>>>

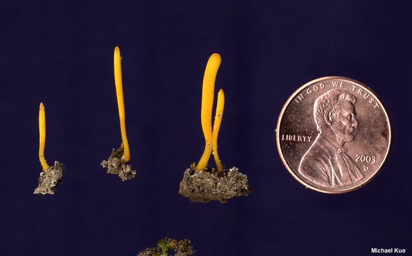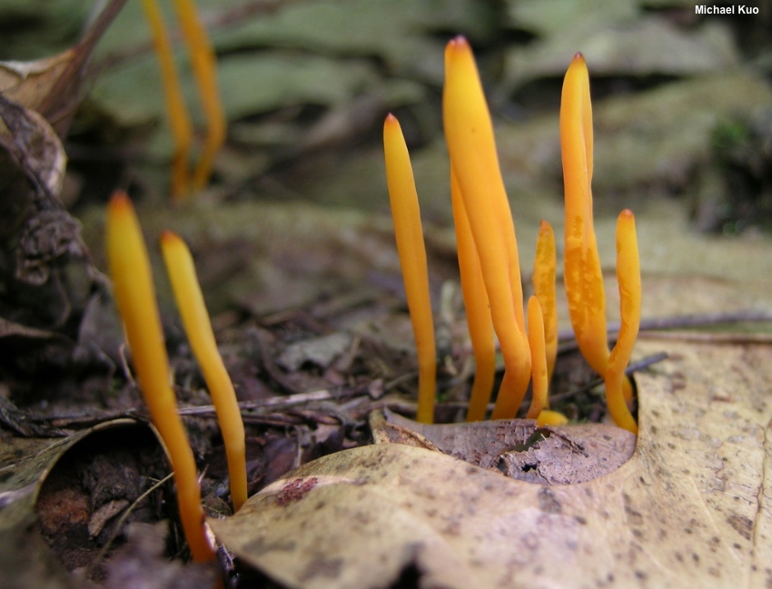 Clavulinopsis laeticolor [ Basidiomycota > Agaricales > Clavariaceae > Clavulinopsis . . . ] by Michael Kuo This tiny club fungus is easily overlooked, and can be quite a challenge to collect, unless you happen to carry tweezers with you when you go collecting. And, to be honest, if you do carry tweezers on your woodland mushroom outings, you probably need help. At any rate, Clavulinopsis laeticolor is, as a translation of its Latin name suggests, joyfully colored; it is typically orange or bright orangish yellow. It is distinguished from similar tiny, yellowish club mushrooms by its dry surface, its tiny size (often only a few centimeters in height), and its tendency to grow alone or gregariously, rather than in tightly packed clusters. Under the microscope, Clavulinopsis laeticolor has distinctive, oddly-shaped spores. Clavulinopsis fusiformis is similar but larger; it grows in clusters and has differently shaped spores. Clavaria laeticolor, Clavaria pulchra, Clavulinopsis pulchra, and Ramariopsis laeticolor are synonyms. Thanks to Sue Moody for documenting, collecting, and preserving Clavulinopsis laeticolor for study; her collection is deposited in The Herbarium of Michael Kuo. Description: Ecology: Presumably saprobic; growing alone, scattered, gregariously, or in loose groups under hardwoods or conifers; usually terrestrial but occasionally appearing on well-rotted, moss-covered stumps; summer and fall (also winter in warmer climates); originally described from Cuba; widely distributed in North America; also documented from Central America, South America, Europe, Asia, and Oceania. The illustrated and described collections are from Illinois and Minnesota. Fruiting Body: 17–50 mm high; 1–4 mm wide; cylindrical and unbranched; sometimes somewhat flattened, or with a groove or a twist; dry; bald; bright orange or yellow; fading with age; whitish at the extreme base; at maturity often with a somewhat pointed tip that ages or discolors somewhat reddish or orange. Flesh: Whitish to pale yellow or orange; thin. Odor and Taste: Not distinctive. Chemical Reactions: Iron salts negative to grayish on surfaces; KOH orangish. Microscopic Features: Spores 5–7 x 3.5–5 µ; irregularly subellipsoid to subamygdaliform, with a large protruding apiculus; smooth; hyaline and often uniguttulate in KOH; inamyloid. Basidia 35–55 x 5–8 µm; subclavate; 4-sterigmate. Cystidia not found. Contextual hyphae 3–5 µm wide; smooth; thin-walled; hyaline to golden in KOH; with small clamp connections. REFERENCES: (Berkeley & Curtis, 1869) R. H. Petersen, 1965. (Coker, 1923; Corner, 1950; Petersen, 1965; Petersen, 1968; Petersen, 1978; Smith, Smith & Weber, 1981; Arora, 1986; Breitenbach & Kränzlin, 1986; Barron, 1999; McNeil, 2006; López & García, 2008; Trudell & Ammirati, 2009; Buczacki et al., 2012; Birkebak et al., 2013; Desjardin, Wood 7 Stevens, 2015; Messuti & Lorenzo, 2015; Furtado et al., 2016; Siegel & Schwarz, 2016; Baroni, 2017; Elliott & Stephenson, 2018; Læssøe & Petersen, 2019.) Herb. Kuo 06200301, 07200705, 09221201, 08202001. This site contains no information about the edibility or toxicity of mushrooms. |
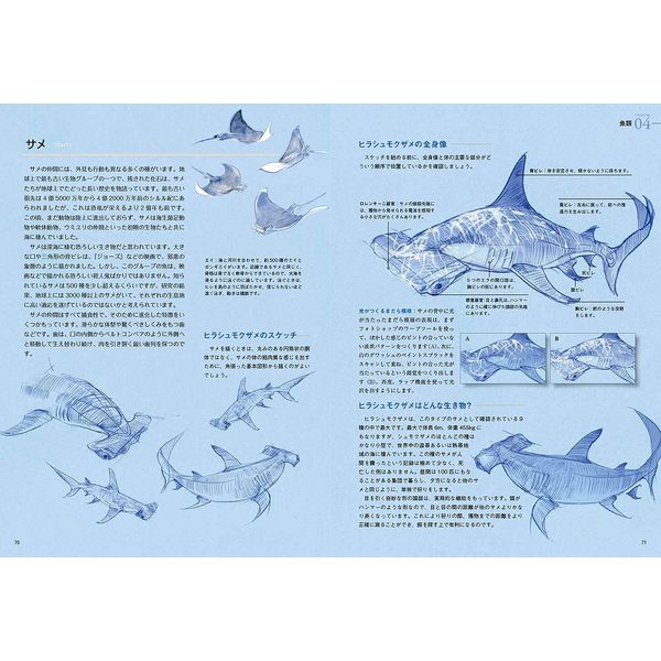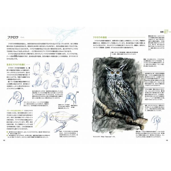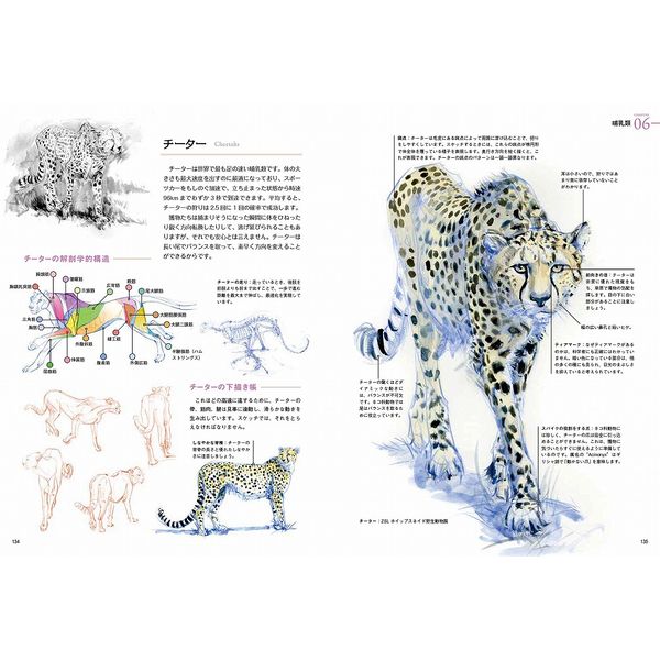 絵を描き始めたばかりの初心者にとっては、著者であるティムの作例は見ているだけでも参考になりますし、動物スケッチに慣れた方にとっても、生物学的な共通点、相違点などの図解は貴重な資料になることでしょう。
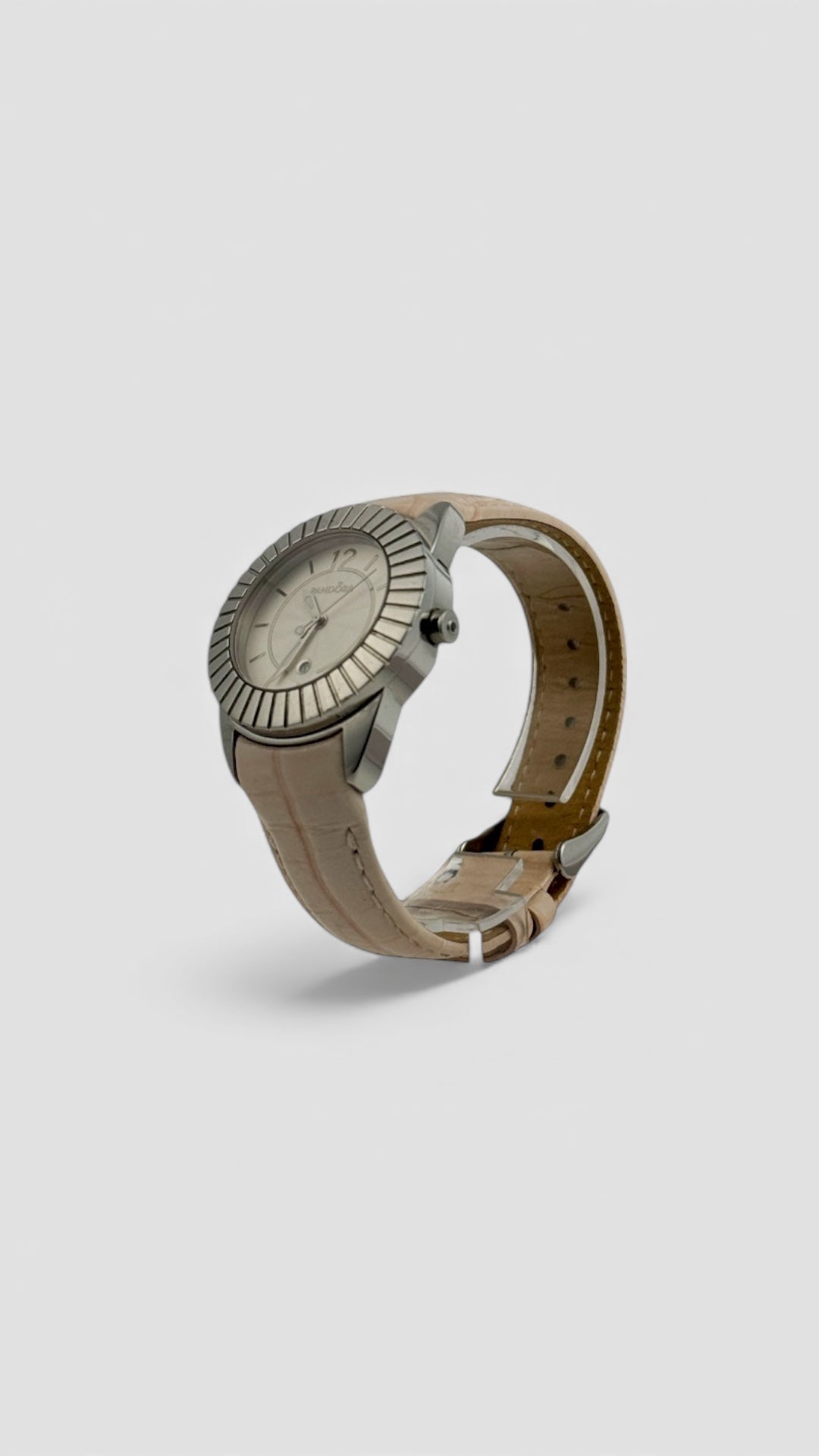 Add a touch of elegance and color to your wrist with the PANDORA Imagine watch. Featuring a pink leather strap, sterling silver bezel, and signature black diamond crown, this timepiece combines feminine style with Swiss precision.

<<<

● **Description of the task**: Skip every picture, and give the rest of the material above again exactly.

● **Output for this exercise**:
 Clavulinopsis laeticolor [ Basidiomycota > Agaricales > Clavariaceae > Clavulinopsis . . . ] by Michael Kuo This tiny club fungus is easily overlooked, and can be quite a challenge to collect, unless you happen to carry tweezers with you when you go collecting. And, to be honest, if you do carry tweezers on your woodland mushroom outings, you probably need help. At any rate, Clavulinopsis laeticolor is, as a translation of its Latin name suggests, joyfully colored; it is typically orange or bright orangish yellow. It is distinguished from similar tiny, yellowish club mushrooms by its dry surface, its tiny size (often only a few centimeters in height), and its tendency to grow alone or gregariously, rather than in tightly packed clusters. Under the microscope, Clavulinopsis laeticolor has distinctive, oddly-shaped spores. Clavulinopsis fusiformis is similar but larger; it grows in clusters and has differently shaped spores. Clavaria laeticolor, Clavaria pulchra, Clavulinopsis pulchra, and Ramariopsis laeticolor are synonyms. Thanks to Sue Moody for documenting, collecting, and preserving Clavulinopsis laeticolor for study; her collection is deposited in The Herbarium of Michael Kuo. Description: Ecology: Presumably saprobic; growing alone, scattered, gregariously, or in loose groups under hardwoods or conifers; usually terrestrial but occasionally appearing on well-rotted, moss-covered stumps; summer and fall (also winter in warmer climates); originally described from Cuba; widely distributed in North America; also documented from Central America, South America, Europe, Asia, and Oceania. The illustrated and described collections are from Illinois and Minnesota. Fruiting Body: 17–50 mm high; 1–4 mm wide; cylindrical and unbranched; sometimes somewhat flattened, or with a groove or a twist; dry; bald; bright orange or yellow; fading with age; whitish at the extreme base; at maturity often with a somewhat pointed tip that ages or discolors somewhat reddish or orange. Flesh: Whitish to pale yellow or orange; thin. Odor and Taste: Not distinctive. Chemical Reactions: Iron salts negative to grayish on surfaces; KOH orangish. Microscopic Features: Spores 5–7 x 3.5–5 µ; irregularly subellipsoid to subamygdaliform, with a large protruding apiculus; smooth; hyaline and often uniguttulate in KOH; inamyloid. Basidia 35–55 x 5–8 µm; subclavate; 4-sterigmate. Cystidia not found. Contextual hyphae 3–5 µm wide; smooth; thin-walled; hyaline to golden in KOH; with small clamp connections. REFERENCES: (Berkeley & Curtis, 1869) R. H. Petersen, 1965. (Coker, 1923; Corner, 1950; Petersen, 1965; Petersen, 1968; Petersen, 1978; Smith, Smith & Weber, 1981; Arora, 1986; Breitenbach & Kränzlin, 1986; Barron, 1999; McNeil, 2006; López & García, 2008; Trudell & Ammirati, 2009; Buczacki et al., 2012; Birkebak et al., 2013; Desjardin, Wood 7 Stevens, 2015; Messuti & Lorenzo, 2015; Furtado et al., 2016; Siegel & Schwarz, 2016; Baroni, 2017; Elliott & Stephenson, 2018; Læssøe & Petersen, 2019.) Herb. Kuo 06200301, 07200705, 09221201, 08202001. This site contains no information about the edibility or toxicity of mushrooms. |
 絵を描き始めたばかりの初心者にとっては、著者であるティムの作例は見ているだけでも参考になりますし、動物スケッチに慣れた方にとっても、生物学的な共通点、相違点などの図解は貴重な資料になることでしょう。
 Add a touch of elegance and color to your wrist with the PANDORA Imagine watch. Featuring a pink leather strap, sterling silver bezel, and signature black diamond crown, this timepiece combines feminine style with Swiss precision.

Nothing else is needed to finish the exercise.